Directions for this task » Return the lines of the material below exactly, beginning with the line that has "新春玩新服,新服送现金!进入新服,领取少侠你的新春现金红包。" in it and finishing with the line that has "12 Schukos |" in it. Leave all pictures aside.

Data extracts »
►

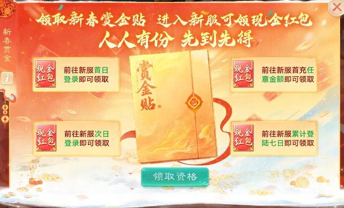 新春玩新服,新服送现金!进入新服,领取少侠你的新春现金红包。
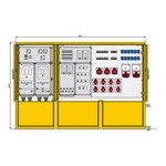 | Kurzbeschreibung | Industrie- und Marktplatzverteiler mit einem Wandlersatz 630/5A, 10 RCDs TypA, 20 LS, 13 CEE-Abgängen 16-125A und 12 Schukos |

◄
►

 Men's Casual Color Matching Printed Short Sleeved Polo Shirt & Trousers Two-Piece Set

◄
►

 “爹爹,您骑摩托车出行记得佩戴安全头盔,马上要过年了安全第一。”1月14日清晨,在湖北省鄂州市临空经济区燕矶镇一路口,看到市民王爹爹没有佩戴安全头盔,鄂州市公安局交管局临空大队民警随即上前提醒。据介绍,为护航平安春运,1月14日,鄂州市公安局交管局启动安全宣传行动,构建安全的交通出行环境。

◄

Solution for this problem »
 新春玩新服,新服送现金!进入新服,领取少侠你的新春现金红包。
 | Kurzbeschreibung | Industrie- und Marktplatzverteiler mit einem Wandlersatz 630/5A, 10 RCDs TypA, 20 LS, 13 CEE-Abgängen 16-125A und 12 Schukos |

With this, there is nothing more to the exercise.